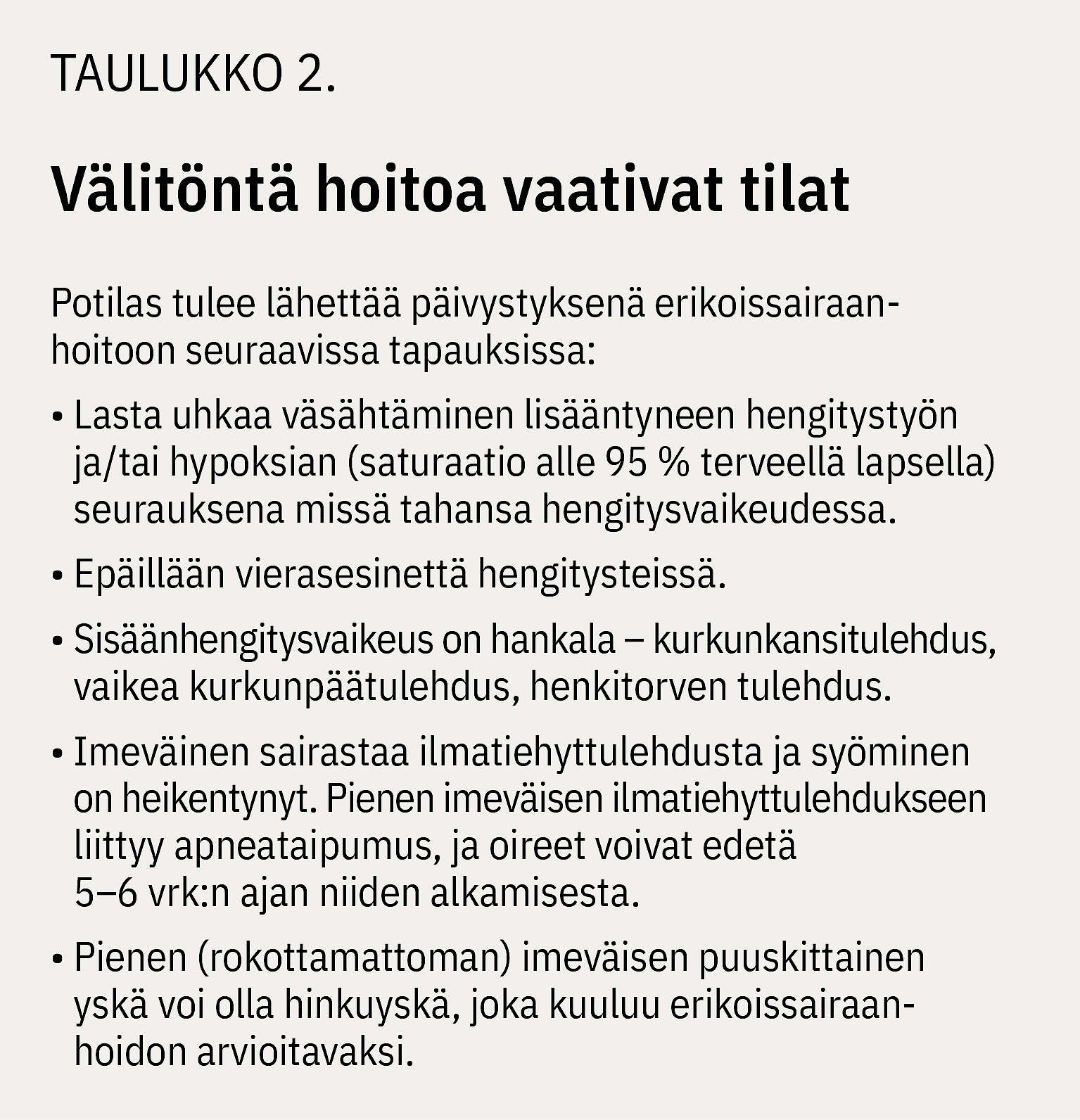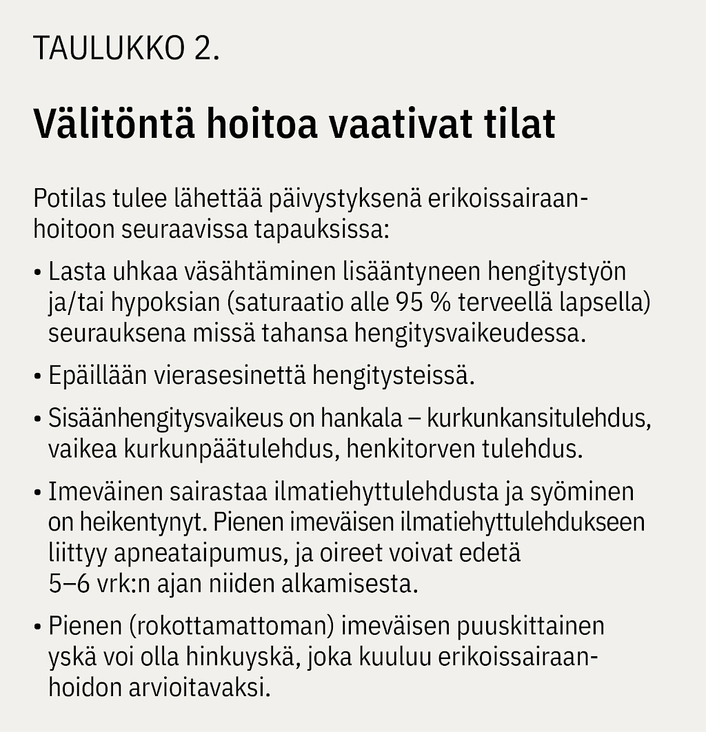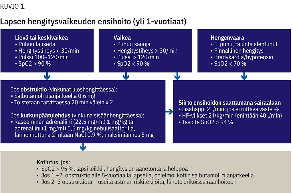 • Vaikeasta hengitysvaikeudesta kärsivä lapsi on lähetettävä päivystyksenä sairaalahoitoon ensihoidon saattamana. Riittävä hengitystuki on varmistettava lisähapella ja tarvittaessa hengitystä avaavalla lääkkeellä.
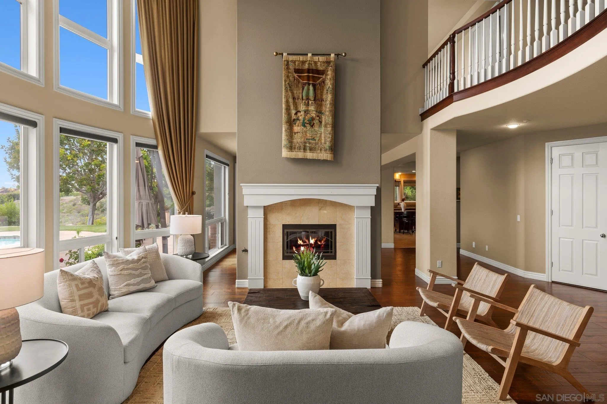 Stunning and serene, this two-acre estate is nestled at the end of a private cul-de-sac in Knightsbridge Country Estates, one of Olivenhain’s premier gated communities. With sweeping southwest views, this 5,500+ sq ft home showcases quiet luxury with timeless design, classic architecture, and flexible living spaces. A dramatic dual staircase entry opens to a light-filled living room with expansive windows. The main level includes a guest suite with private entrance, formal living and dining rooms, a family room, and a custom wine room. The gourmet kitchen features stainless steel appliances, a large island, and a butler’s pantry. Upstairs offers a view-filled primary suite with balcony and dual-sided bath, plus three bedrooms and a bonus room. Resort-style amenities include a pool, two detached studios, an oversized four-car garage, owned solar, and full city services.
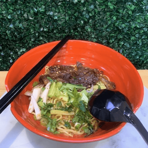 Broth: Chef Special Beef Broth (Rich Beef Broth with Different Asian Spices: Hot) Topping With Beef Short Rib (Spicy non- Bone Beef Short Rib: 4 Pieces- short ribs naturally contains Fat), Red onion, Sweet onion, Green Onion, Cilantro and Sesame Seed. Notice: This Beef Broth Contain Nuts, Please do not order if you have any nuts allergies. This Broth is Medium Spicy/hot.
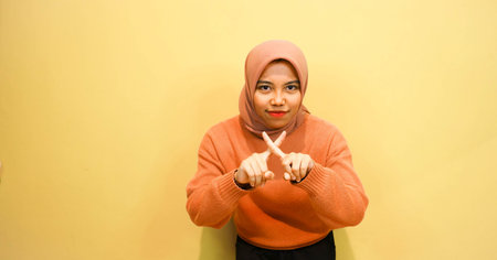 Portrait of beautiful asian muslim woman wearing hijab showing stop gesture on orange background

WORK INSTRUCTIONS —
Return the listing above verbatim and exclude every picture.

ANSWER SPACE —
 • Vaikeasta hengitysvaikeudesta kärsivä lapsi on lähetettävä päivystyksenä sairaalahoitoon ensihoidon saattamana. Riittävä hengitystuki on varmistettava lisähapella ja tarvittaessa hengitystä avaavalla lääkkeellä.
 Stunning and serene, this two-acre estate is nestled at the end of a private cul-de-sac in Knightsbridge Country Estates, one of Olivenhain’s premier gated communities. With sweeping southwest views, this 5,500+ sq ft home showcases quiet luxury with timeless design, classic architecture, and flexible living spaces. A dramatic dual staircase entry opens to a light-filled living room with expansive windows. The main level includes a guest suite with private entrance, formal living and dining rooms, a family room, and a custom wine room. The gourmet kitchen features stainless steel appliances, a large island, and a butler’s pantry. Upstairs offers a view-filled primary suite with balcony and dual-sided bath, plus three bedrooms and a bonus room. Resort-style amenities include a pool, two detached studios, an oversized four-car garage, owned solar, and full city services.
 Broth: Chef Special Beef Broth (Rich Beef Broth with Different Asian Spices: Hot) Topping With Beef Short Rib (Spicy non- Bone Beef Short Rib: 4 Pieces- short ribs naturally contains Fat), Red onion, Sweet onion, Green Onion, Cilantro and Sesame Seed. Notice: This Beef Broth Contain Nuts, Please do not order if you have any nuts allergies. This Broth is Medium Spicy/hot.
 Portrait of beautiful asian muslim woman wearing hijab showing stop gesture on orange background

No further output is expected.